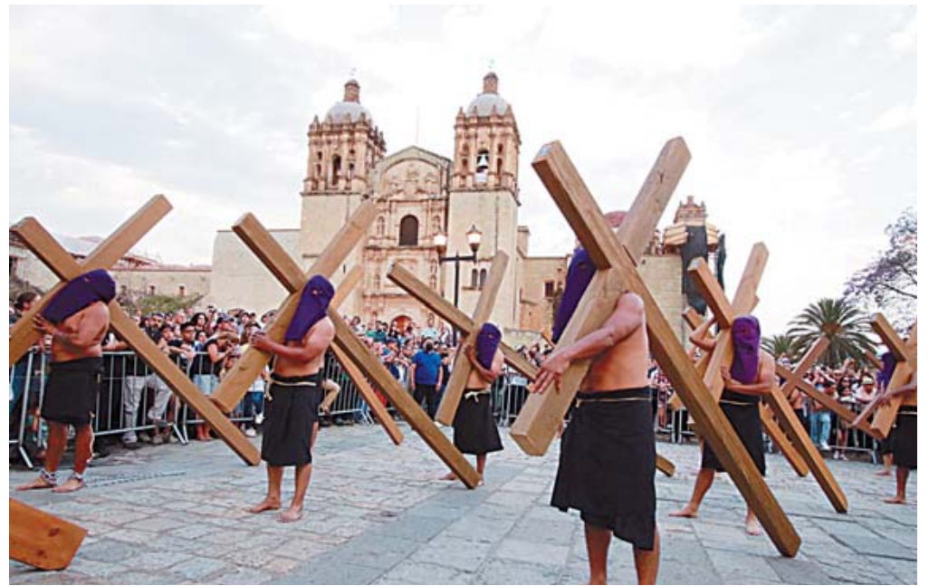
Esta tradición católica de origen español se realiza también en otras partes de México.

Esta tradición fue legada por los frailes dominicos pero con larga pausa tras la Revolución
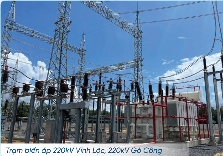
Trạm biến áp 220kV Vĩnh Lộc, 220kV Gò Công
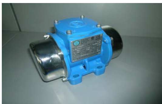
Art. 1020056 VIBRATORE 230 V KW 0.08/1500 220V HZ50 Art. 1020055 VIBRATORE 380.KW 0.08/1500 220/380 HZ50 Art. 1020027 VIBRATORE ELETTRICO VEP 3/380100
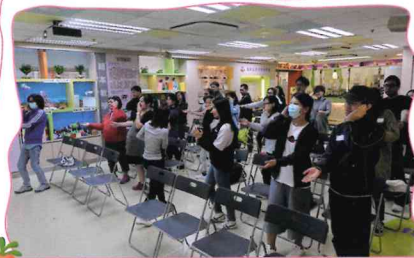
「家·長·愛」激發大腦潛能講座
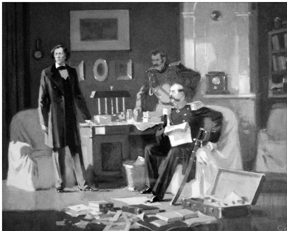
В. Н. Сигорский «Арест Н. Г. Чернышевского в Петербурге» (1950-е гг.)

7 июля 1862 года состоялся обыск на квартире у Николая Гавриловича, произведённый полковником Ракеевым. Книги, которых было очень много (несколько тысяч), были опечатаны в кабинете, бумаги и недозволенные книги отправлены в 3-е отделение. Обыск начался в два часа дня, а 7 июля 1862 года в пять часов дня Н. Г. Чернышевский был заключён в Алексеевский равелин Петропавловской крепости.
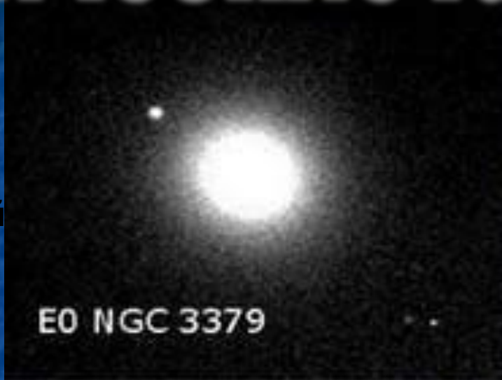
E0 NGC 3379

Эллиптические галактики обозначаются буквой E, имеют разную степень сжатия: от круглых (E0) до сильно сжатых (E7). Заметное вращение наблюдается только у галактик со значительным сжатием.
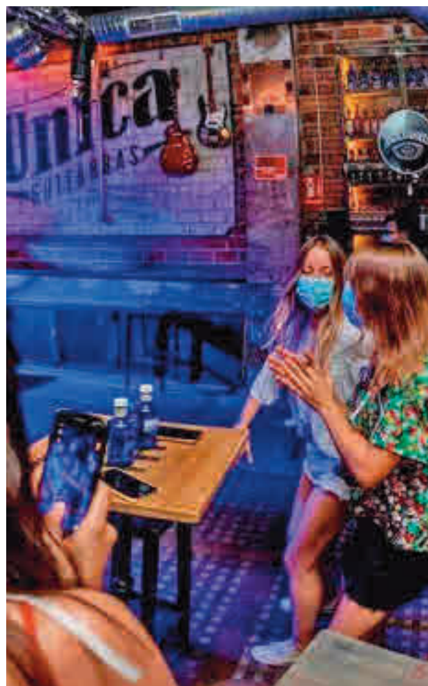
Mujeres en un local de ocio nocturno

"Pero también nos hemos vuelto más virtuales y hemos descubierto nuevos espacios para socializar que son igualmente efectivos y que nos
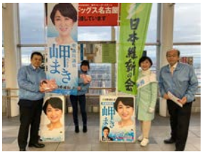
2月22日(木) JR枇杷島駅 維新統一行動デー
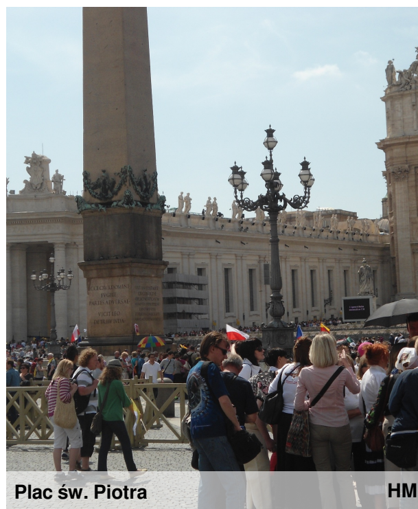
Plac św. Piotra
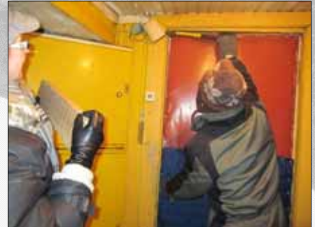
Rivitalo-ohoneistoon pyrkimässä, taisi olla kesäasumista varten.
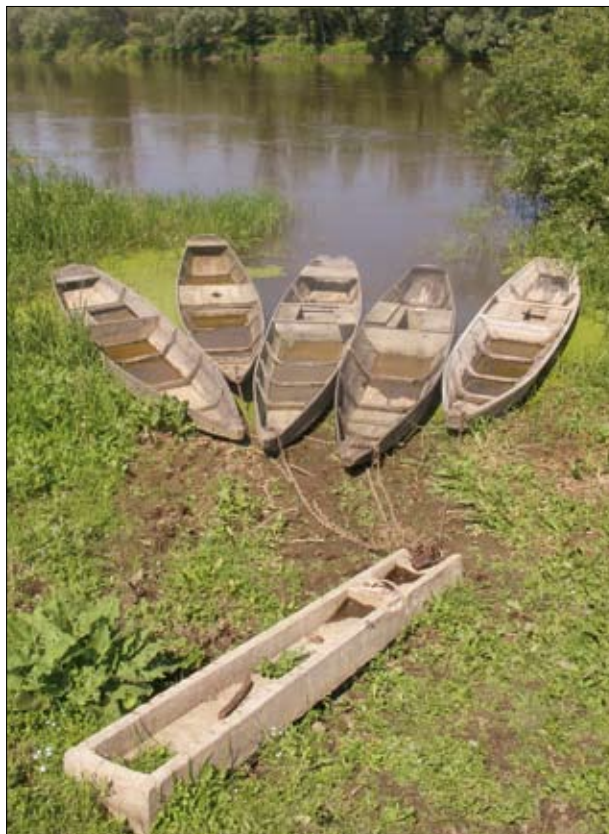
Dolina Bugu

ruje dochodów. Dopiero połączenie hodowli owiec z innymi pakietami może pozwolić na osiągnięcie określonych korzyści finansowych.

· · · · · · ·

# About this task
Every record above should be transcribed exactly; the pictures stay out of the copy.

# Response
Esta tradición católica de origen español se realiza también en otras partes de México.

Esta tradición fue legada por los frailes dominicos pero con larga pausa tras la Revolución
Trạm biến áp 220kV Vĩnh Lộc, 220kV Gò Công
Art. 1020056 VIBRATORE 230 V KW 0.08/1500 220V HZ50 Art. 1020055 VIBRATORE 380.KW 0.08/1500 220/380 HZ50 Art. 1020027 VIBRATORE ELETTRICO VEP 3/380100
「家·長·愛」激發大腦潛能講座
В. Н. Сигорский «Арест Н. Г. Чернышевского в Петербурге» (1950-е гг.)

7 июля 1862 года состоялся обыск на квартире у Николая Гавриловича, произведённый полковником Ракеевым. Книги, которых было очень много (несколько тысяч), были опечатаны в кабинете, бумаги и недозволенные книги отправлены в 3-е отделение. Обыск начался в два часа дня, а 7 июля 1862 года в пять часов дня Н. Г. Чернышевский был заключён в Алексеевский равелин Петропавловской крепости.
E0 NGC 3379

Эллиптические галактики обозначаются буквой E, имеют разную степень сжатия: от круглых (E0) до сильно сжатых (E7). Заметное вращение наблюдается только у галактик со значительным сжатием.
Mujeres en un local de ocio nocturno

"Pero también nos hemos vuelto más virtuales y hemos descubierto nuevos espacios para socializar que son igualmente efectivos y que nos
2月22日(木) JR枇杷島駅 維新統一行動デー
Plac św. Piotra
Rivitalo-ohoneistoon pyrkimässä, taisi olla kesäasumista varten.
Dolina Bugu

ruje dochodów. Dopiero połączenie hodowli owiec z innymi pakietami może pozwolić na osiągnięcie określonych korzyści finansowych.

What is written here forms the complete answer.